Citi puts Sell rating on R Com Audit Report – Says Revenue Reconciliation Needs Greater Clarity

Reliance Communications, the nation’s second largest wireless telephony company, on Saturday announced 51% decline in quarterly profit due to forex loss.

RCOM, part of the Reliance Anil Dhirubhai Ambani group, has posted net profit of Rs 740 crore in the September quarter, compared to Rs 1,531 crore in the year-ago period. The forex loss of Rs 283 crore forced the company, which posted a marginal 1% rise in revenue to Rs 5,703 crore, to post a sharp decline in profit.

The results were worse than the expectation. A survey of ETIG and four brokerage houses estimated RCOM’s net sales at Rs 6,356 crore and net profit at Rs 1,171 crore. However, the company would have posted a net profit of Rs 1023 crore, had there been no forex loss.

The wireless revenues, main money spinner for the telco, dropped 7.5% to Rs 4010 crore while EBIDTA margin fell 540 basis points to 35.4%. In a statement, the company said higher competitive intensity, aggressive tariff restructuring by the telecom operators and higher network and operational costs owing to a nationwide GSM rollout have impacted wireless segment and EBIDTA margin.

The domestic telecom sector is witnessing steeper fall in valuations after the operators reduced tariffs significantly to gain market share. The valuations of Bharti and RCOM slipped 27% and 36%, respectively, in one month. Analysts have downgraded future revenue expectations of the top players citing the sharp fall in average revenue per user due to the recent tariff revision.

As per the latest Citi Equity Research report dated 27 October 2009, Citi has maintained Sell rating on the stock given High leverage (Net Debt at 3.2x FY10E EBITDA) which makes RCOM more exposed to industry risks and strong collateral damage from the ongoing tariff war on tower company tenancy and hence valuation and capital raising.

As per earlier Parekh Committee Report, RCOM booked certain revenue items totaling Rs26.5bn in FY08, which is key to the revenue reconciliation. It seems to comprise either (i) one-off items (sale of debtors, sale of expired pre-paid cards, refunds) or (ii) non-wireless items (handset sales/incentive, dealer network sharing and foreign sub income). If true, Citi estimate this may have resulted in “true” mobile ARPU and EBITDA being lower by c15% and c26% respectively in FY08.

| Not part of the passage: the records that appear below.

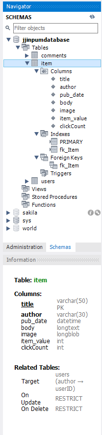 네비게이터 바를 통해 스키마를 자세히 살펴보면, 다음과 같다.
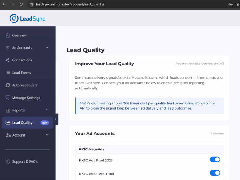 If you’re connected via Meta Business Manager (which most agencies and businesses are), LeadSync automatically discovers your ad accounts and pixels. Just toggle the ones you want to enable — no copying and pasting Pixel IDs or access tokens.
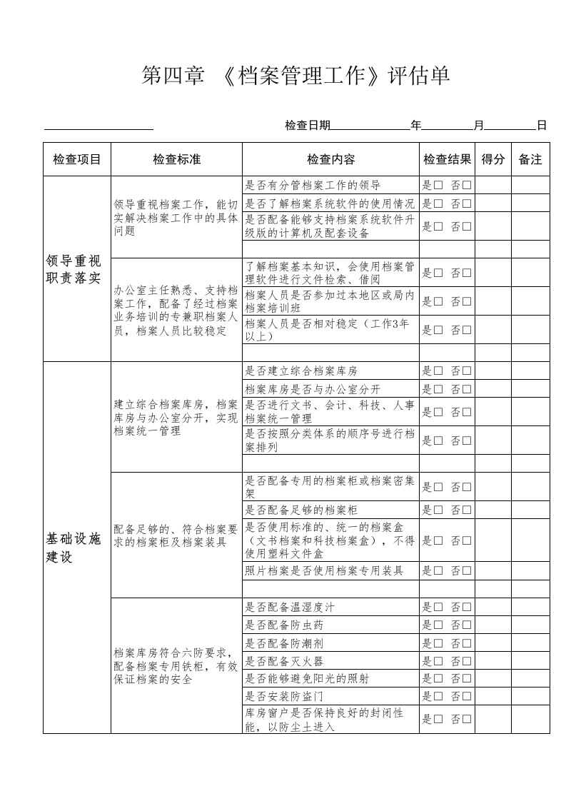 第四章《档案管理工作》评估单检查日期月日检查项目检查标准检查内容检查结果得分备注是否有分管档案工作的领导是口否口领导重视档案工作,能切是否了解档案系统软件的使用情况是口否口实解决档案工作中的具体是否配备能够支持档案系统软件升问题级版的计算机及配套设备领导重视了解档案基本知识,会使用档案管职责落实理软件进行文件检索、借阅是口否口办公室主任熟悉、支持档档案人员是否参加过本地区或局内案工作,配备了经过档案档案培训班业务培训的专兼职档案人员,档案人员比较稳定档案人员是否相对稳定(工作3年以上)是口否口是否建立综合档案库房是口否口档案库房是否与办公室分开是口否口建立综合档案库房,档案是否进行文书、会计、科技、人事库房与办公室分开,实现档案统一管理是口否口档案统一管理是否按照分类体系的顺序号进行档案排列是口否口是否配备专用的档案柜或档案密集架是口否口是否配备足够的档案柜是口否口配备足够的、符合档案要是否使用标准的、统一的档案盒基础设施求的档案柜及档案装具(文书档案和科技档案盒),不得是口否口建设使用塑料文件盒照片档案是否使用档案专用装具是否配备温湿度汁是口否口是否配备防虫药是否配备防潮剂档案库房符合六防要求,配备档案专用铁柜,有效是否配备灭火器是口否口保证档案的安全是否能够避免阳光的照射是口否口是否安装防盗门是口否口库房窗户是否保持良好的封闭性是口否口能,以防尘土进入
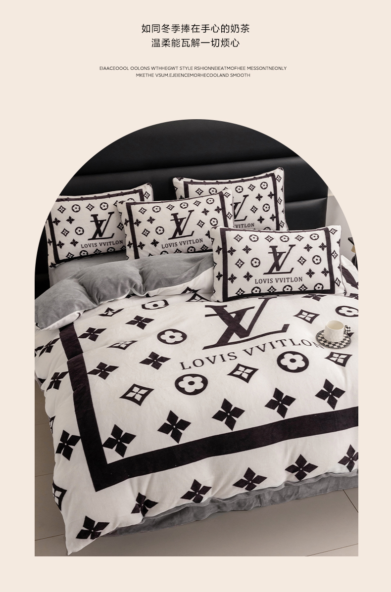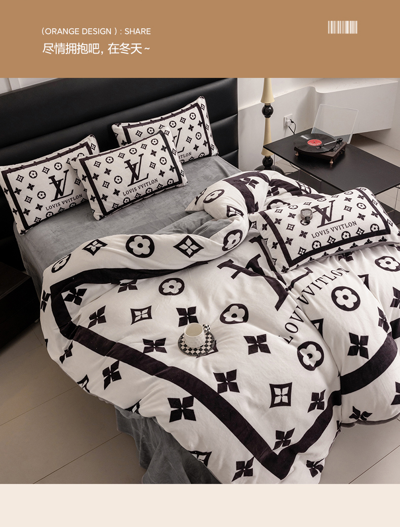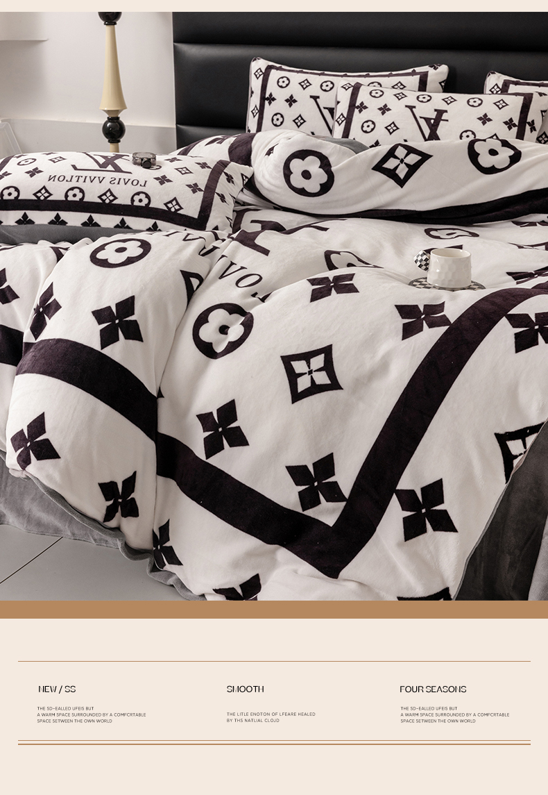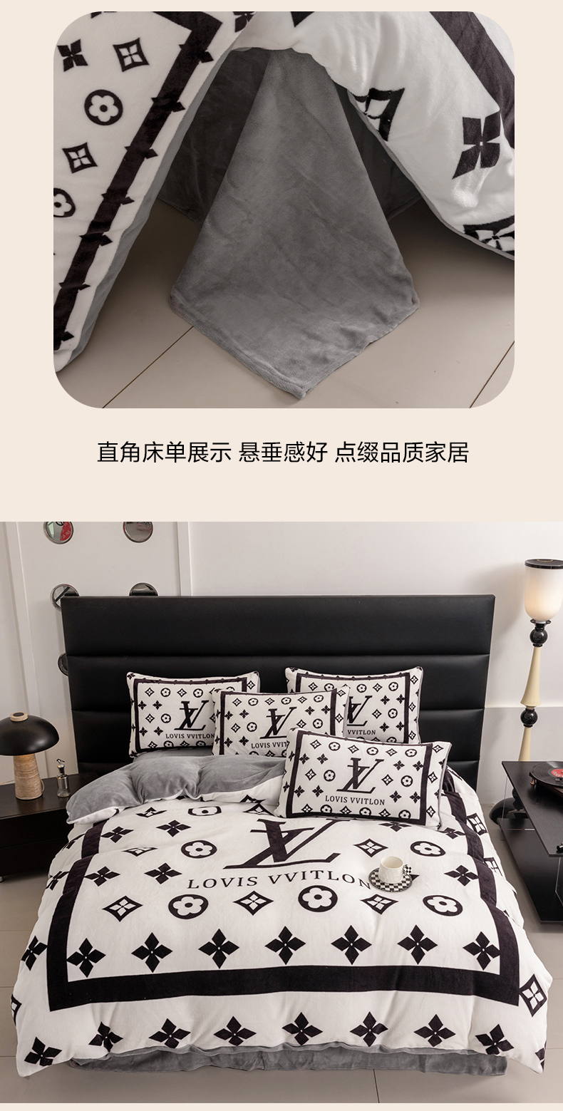 色鬼布艺 2024新款高克重牛奶绒大版印花四件套 黑白v
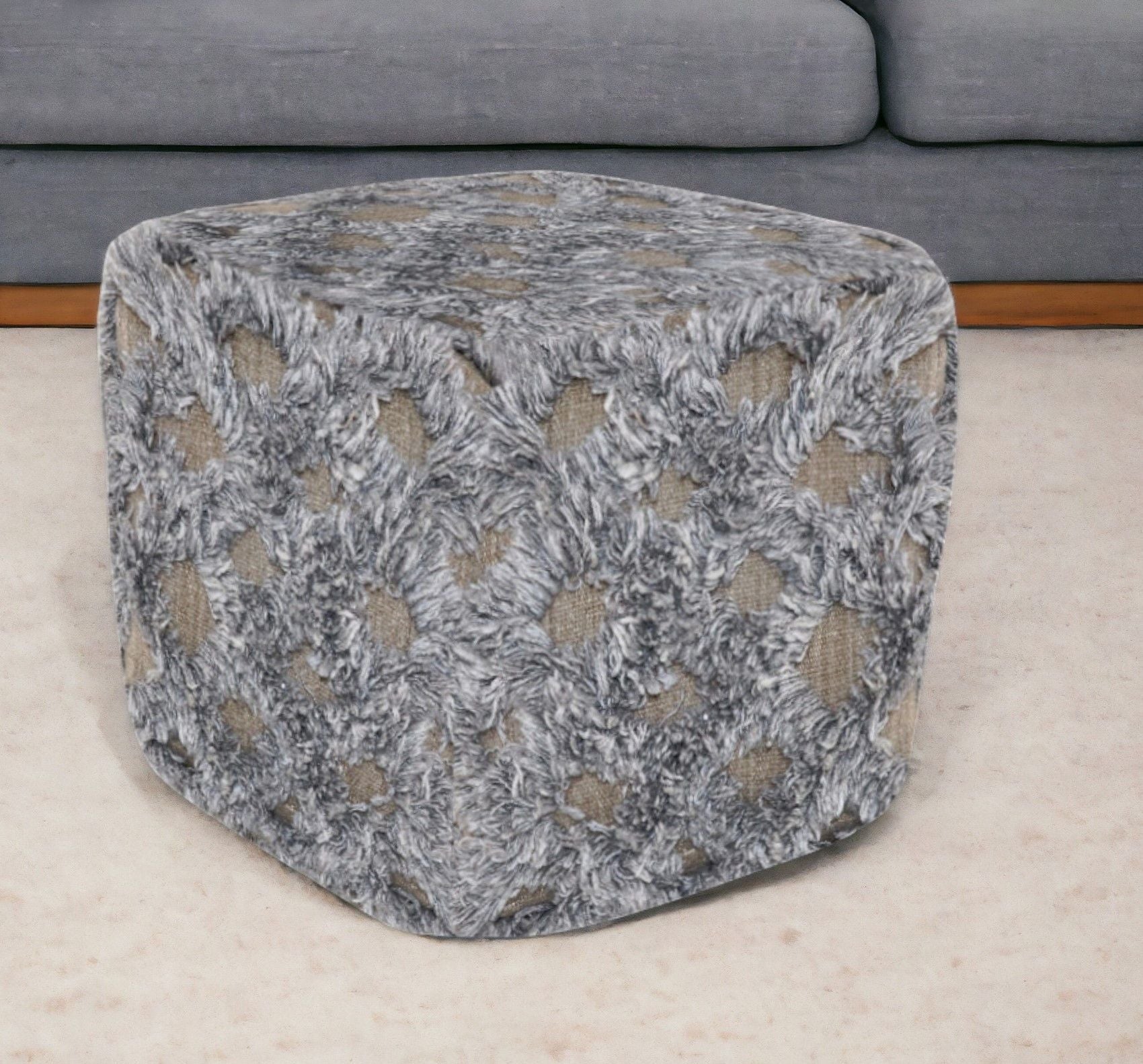 Wool Cotton Blend Cube Geometric Pouf Ottoman - Natural And Gray

There have been been media reports sale of debtors of Rs6.17bn is to four entities, namely Neptune Steel Strips Ltd., Shriyam Autofin Ltd., Mahima Mercantile Credit Ltd. and Traitrya Construction Fin Ltd. Though the sale may have happened at a big discount to the bill value, the ability of these companies to take on (from a funding perspective) and recover the debtors which were earlier written off, is questionable, especially if they pertained to the handset bundled schemes launched 4-5 years back (Monsoon Hungama).